Вревская горько усмехнулась:

— Да вот Оленьку Гусеву за то, что раненых вытаскивала чуть ли не из-под турецких ятаганов, представили к награде, а начальник штаба его превосходительство старый осел Непокойчицкий заявил, что она должна быть удовлетворенной сознанием исполненного долга.

Усмехнулся и Райчо:

— Начальство прежде всего осыпает наградами себя, затем своих подхалимов, ну а то, что останется, иногда раздает но заслугам. К этому давно пора привыкнуть.

Гасли бивачные костры; угомонились голоса; поблескивала на кустах и траве обильная роса, обещая на завтра вёдро. Невдалеке горело еще много костров, всхрапывали и ржали кони, и Райчо успокоился: встала на ночлег кавалерийская часть, башибузуки и черкесы не нападут. Помог Юлии Петровне забраться в фуру, обещал после побудки навестить, уходя, обернулся. В черном зеве фуры светилось милое лицо, и Райчо не предчувствовал, что видел Вревскую в последний раз.

Утром, сразу после побудки, горнисты протрубили большой сбор. И дружины выстроились, как на парад. Показалась группа всадников во главе с бородатым генерал-лейтенантом. Его встретил Столетов. Подъехав к дружинам, Гурко крикнул:

— Братцы! Главнокомандующий возложил на передовой отряд, в состав которого вошло и ополчение, першими встретиться с вашими мучителями! Пусть наша кровь искупит свободу Болгарии!

Речь перевел командир 1-й дружины подполковник Кесяков. И ополченцам пришлось дважды кричать «ура!». Потом горнисты затрубили поход.

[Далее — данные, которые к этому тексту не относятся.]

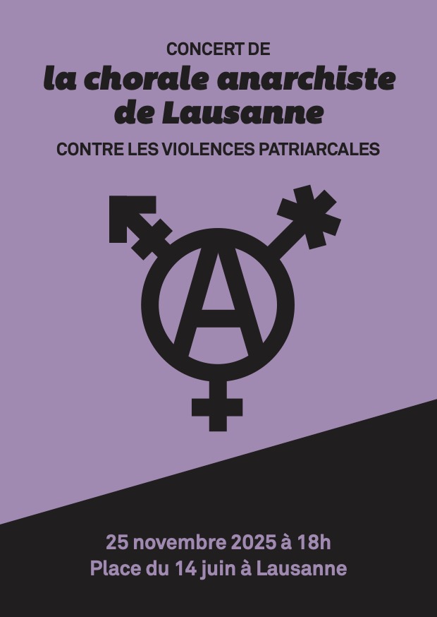 Depuis le printemps 2018, la chorale anarchiste chante un lundi sur deux à l’espace autogéré (rue César-Roux 30, Lausanne) et lors de divers événements et manifestations à Lausanne et ailleurs (plus d’info ici). Il n’est pas trop tard pour nous rejoindre, bienvenue à tout le monde !

Позади остался Велико Търново, бурная встреча горожан, внезапное построение 4-й дружины... И перед ней проплыло выцветшее знамя с болгарским львом и словами: «Свобода или смерть!» Оно хранилось в подвале и теперь было вручено 4-й дружине.

Из-за внезапного обходного маневра русских войск турки без боя сдали Велико Търново и Габрово — город изумительных умельцев, заставивших работать капризную и своенравную Янтру, крутить токарные, прядильные и ткацкие станки, и город хитроумных торговцев, горожан, и поныне прославленных своим остроумием, соперничающий только с шотландским городом Аббер-дином.

В Габрове работали все мастерские и лавки. Русские офицеры, кому не удалось поистратиться в Бухаресте и Плоешти, расхватывали разные товары на память и потом с удивлением обнаружили, что они — лежалые, с московских и нижегородских купеческих складов. Несмотря на врожденную нерасторопность, русские купцы сумели вслед за армией доставить свои товары, не в пример интендантам, которые, как издревле повелось, всегда опаздывали со снабжением войск.

Как ни странно, это ничуть не волновало габровских торговцев. Может быть, это была обычная вежливость, а может, и трезвая уверенность в том, что со временем им удастся облапошить своих северных единоверцев-толстосумов.